Solve for X: Finding the Value in -1/3x + 5 = 6/9x

Q: Why do I need to simplify 6/9 to 2/3 first?

Simplifying makes the math easier! Working with 2/3 instead of 6/9 means smaller numbers and cleaner calculations. It's the same value, but much simpler to work with.

Q: How do I add fractions with the same denominator like 2/3x + 1/3x?

When fractions have the same denominator, just add the numerators: $ \frac{2}{3}x + \frac{1}{3}x = \frac{2+1}{3}x = \frac{3}{3}x = x $

Q: What if I move the wrong term to the other side?

No problem! You can move any term to either side as long as you change its sign. The goal is to get all x-terms on one side and constants on the other.

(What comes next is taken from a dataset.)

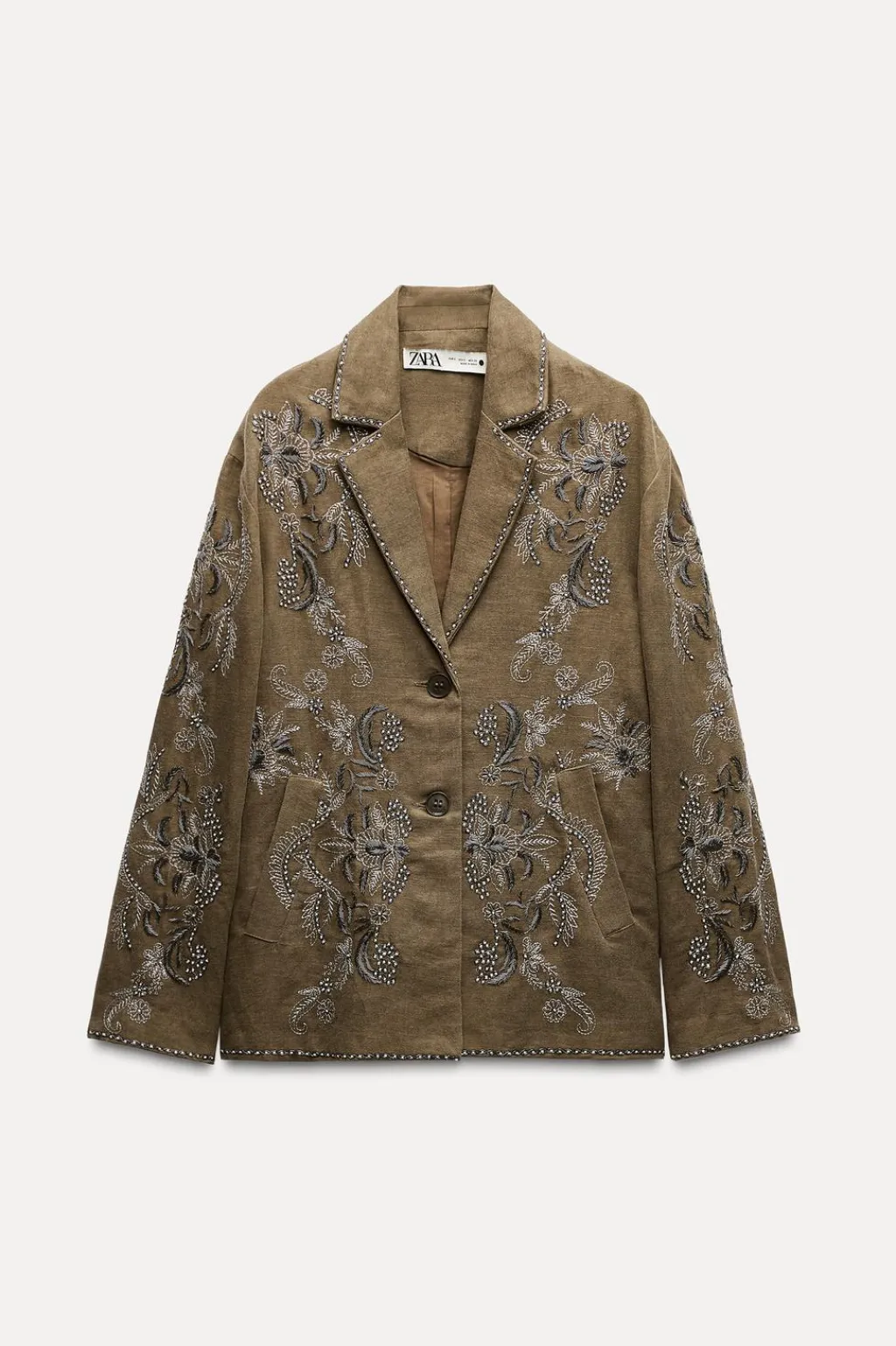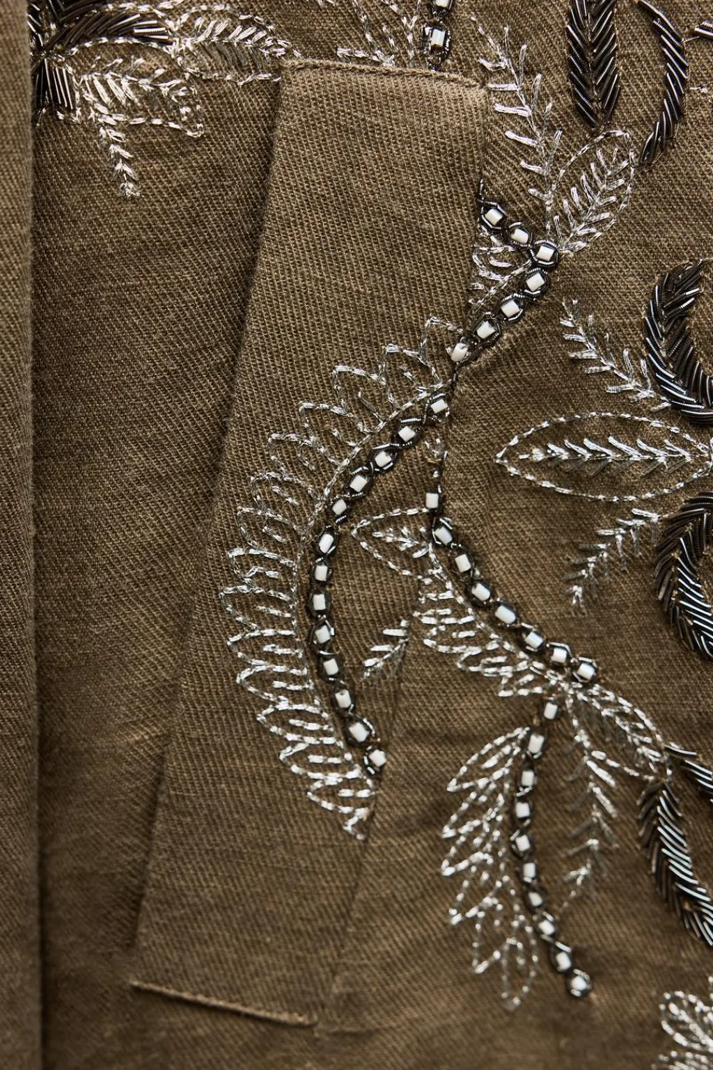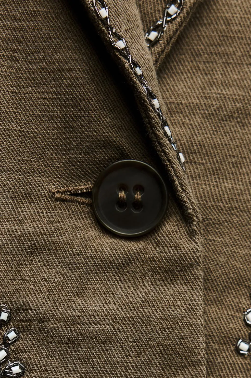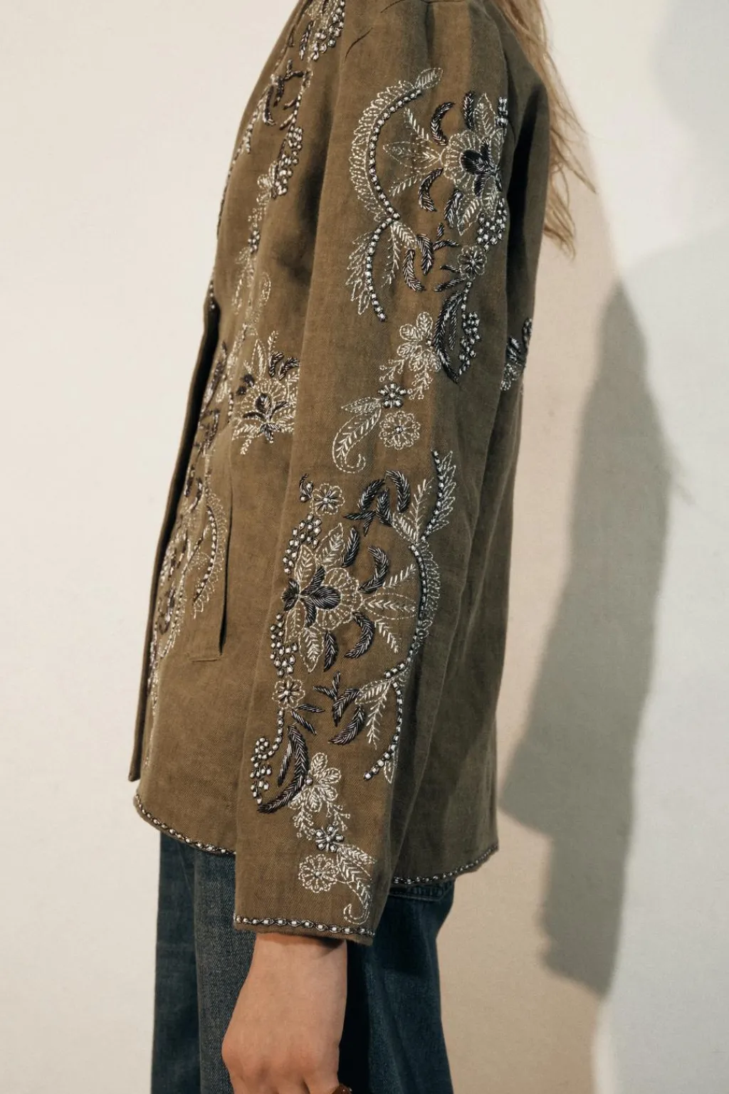 Chaqueta confeccionada en hilatura con lino y con algodón. Cuello solapa de muescas y manga larga. DEtalle de bordados a contraste. Bolsillos delanteros. Cierre frontal con botones.

Q: How do I check my answer x = 5?

Substitute x = 5 into the original equation:Left side: $ -\frac{1}{3}(5) + 5 = -\frac{5}{3} + \frac{15}{3} = \frac{10}{3} $Right side: $ \frac{6}{9}(5) = \frac{30}{9} = \frac{10}{3} $Both sides equal $ \frac{10}{3} $, so x = 5 is correct!

Q: Can I multiply everything by 3 to clear the fractions?

Yes! Multiplying both sides by 3 gives: $ -x + 15 = 2x $, which leads to the same answer x = 5. This is often easier than working with fractions.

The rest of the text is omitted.